WORK REQUIRED: Repeat every entry word for word, but leave the images out of your copy.

SOURCE MATERIAL:

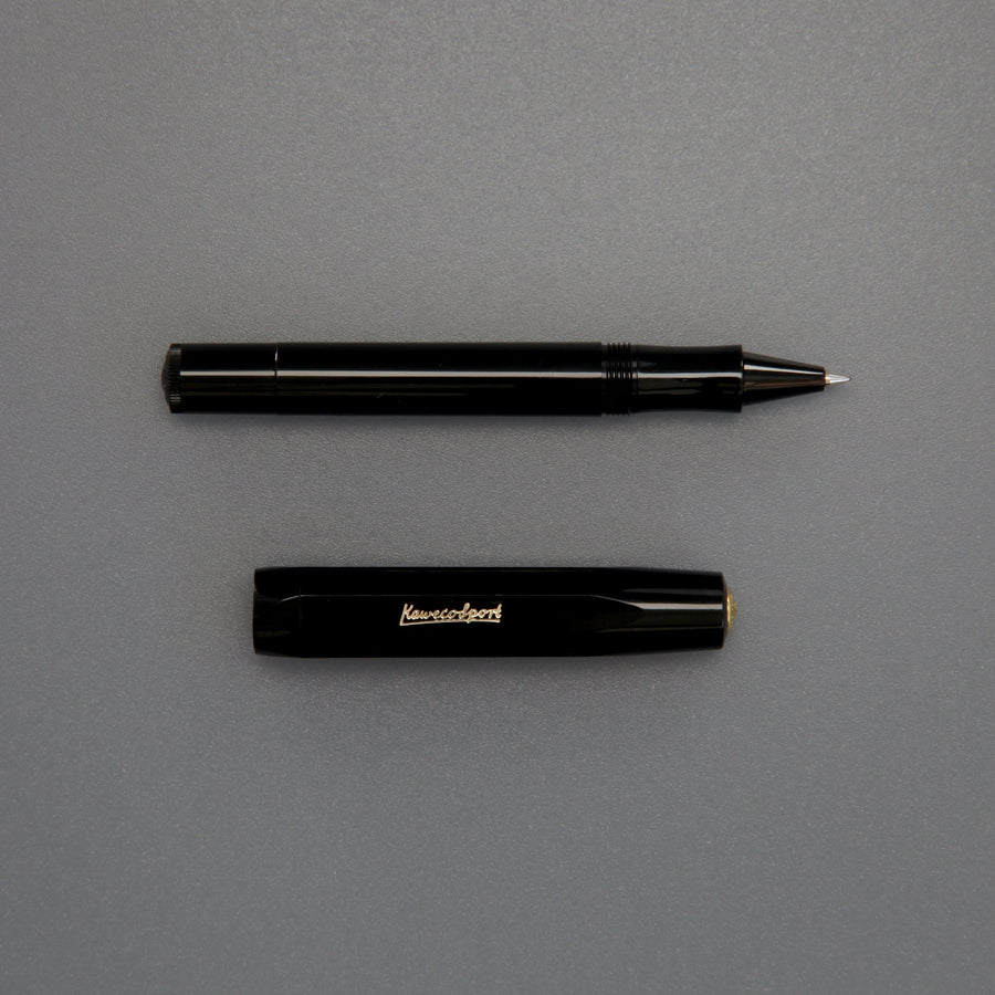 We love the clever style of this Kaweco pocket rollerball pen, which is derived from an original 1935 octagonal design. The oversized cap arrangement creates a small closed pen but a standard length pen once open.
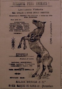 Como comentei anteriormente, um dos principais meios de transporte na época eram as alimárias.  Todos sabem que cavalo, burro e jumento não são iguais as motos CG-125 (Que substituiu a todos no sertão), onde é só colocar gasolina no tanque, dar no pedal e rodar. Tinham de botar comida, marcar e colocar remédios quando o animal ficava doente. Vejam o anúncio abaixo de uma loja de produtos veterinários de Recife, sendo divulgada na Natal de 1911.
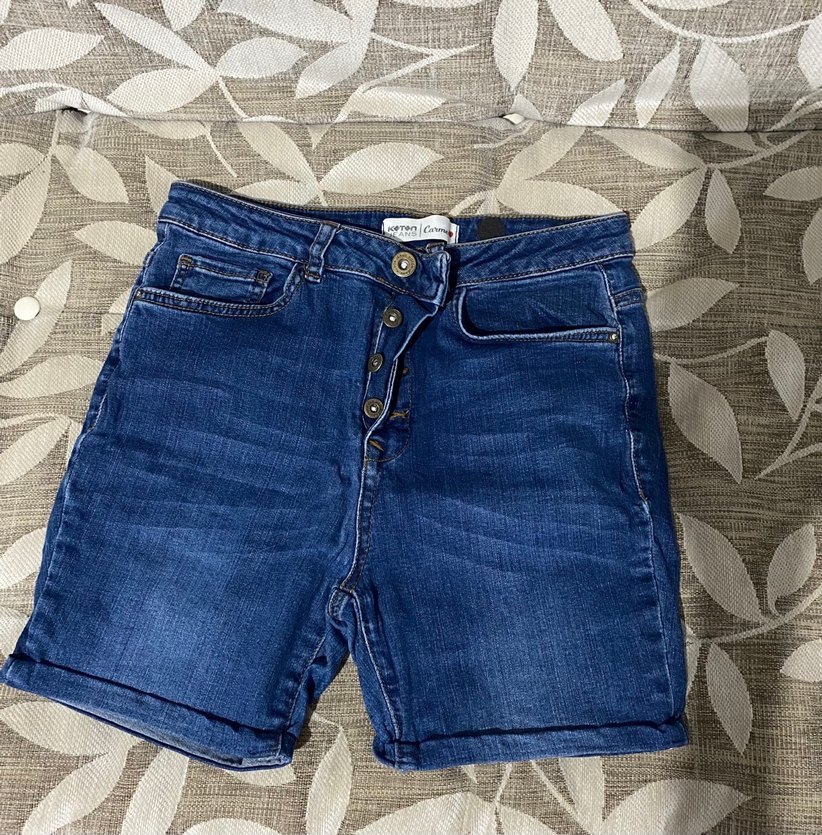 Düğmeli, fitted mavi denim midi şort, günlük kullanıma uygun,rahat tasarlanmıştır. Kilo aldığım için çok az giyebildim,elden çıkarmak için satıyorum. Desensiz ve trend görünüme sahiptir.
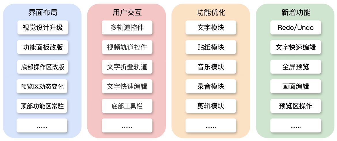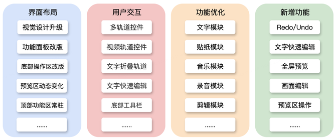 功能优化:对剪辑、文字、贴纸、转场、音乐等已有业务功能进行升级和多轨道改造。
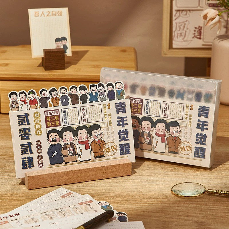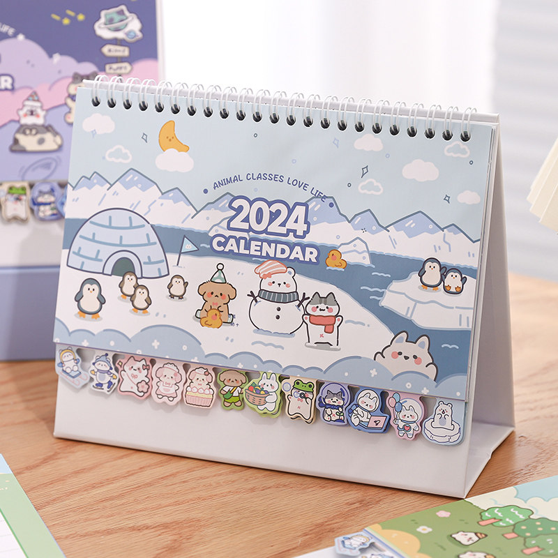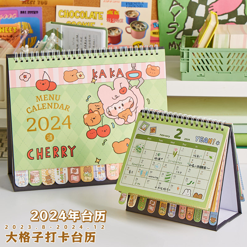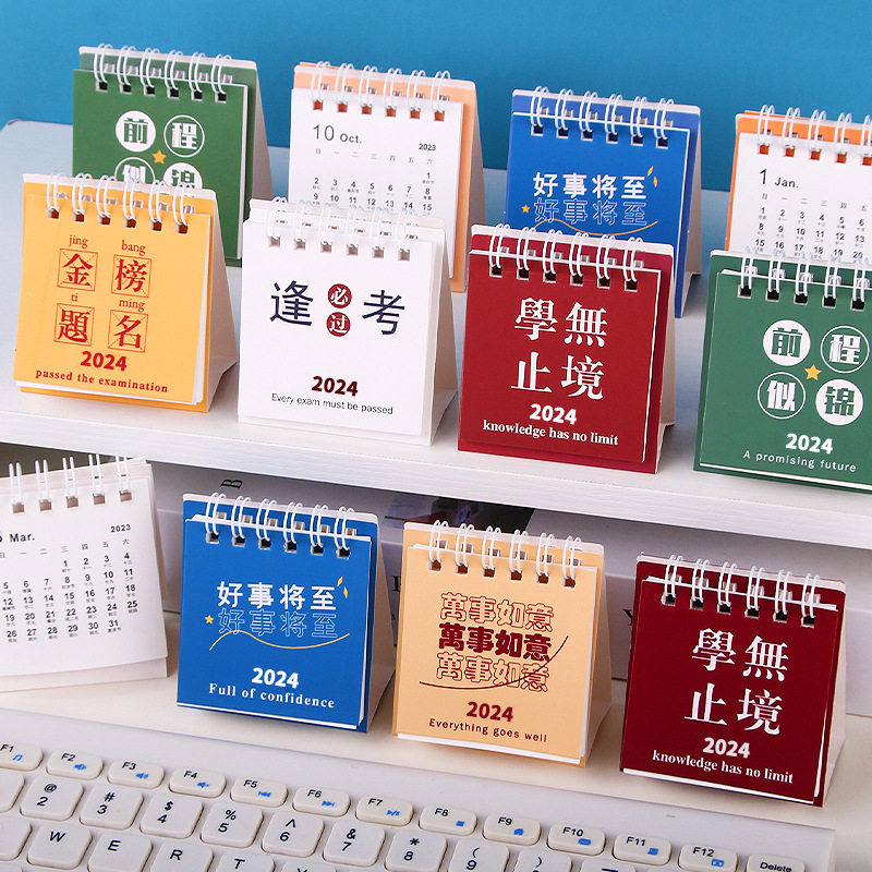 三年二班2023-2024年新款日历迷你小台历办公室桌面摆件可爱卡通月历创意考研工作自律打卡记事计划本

EXERCISE SOLUTION:
 We love the clever style of this Kaweco pocket rollerball pen, which is derived from an original 1935 octagonal design. The oversized cap arrangement creates a small closed pen but a standard length pen once open.
 Como comentei anteriormente, um dos principais meios de transporte na época eram as alimárias.  Todos sabem que cavalo, burro e jumento não são iguais as motos CG-125 (Que substituiu a todos no sertão), onde é só colocar gasolina no tanque, dar no pedal e rodar. Tinham de botar comida, marcar e colocar remédios quando o animal ficava doente. Vejam o anúncio abaixo de uma loja de produtos veterinários de Recife, sendo divulgada na Natal de 1911.
 Düğmeli, fitted mavi denim midi şort, günlük kullanıma uygun,rahat tasarlanmıştır. Kilo aldığım için çok az giyebildim,elden çıkarmak için satıyorum. Desensiz ve trend görünüme sahiptir.
 功能优化:对剪辑、文字、贴纸、转场、音乐等已有业务功能进行升级和多轨道改造。
 三年二班2023-2024年新款日历迷你小台历办公室桌面摆件可爱卡通月历创意考研工作自律打卡记事计划本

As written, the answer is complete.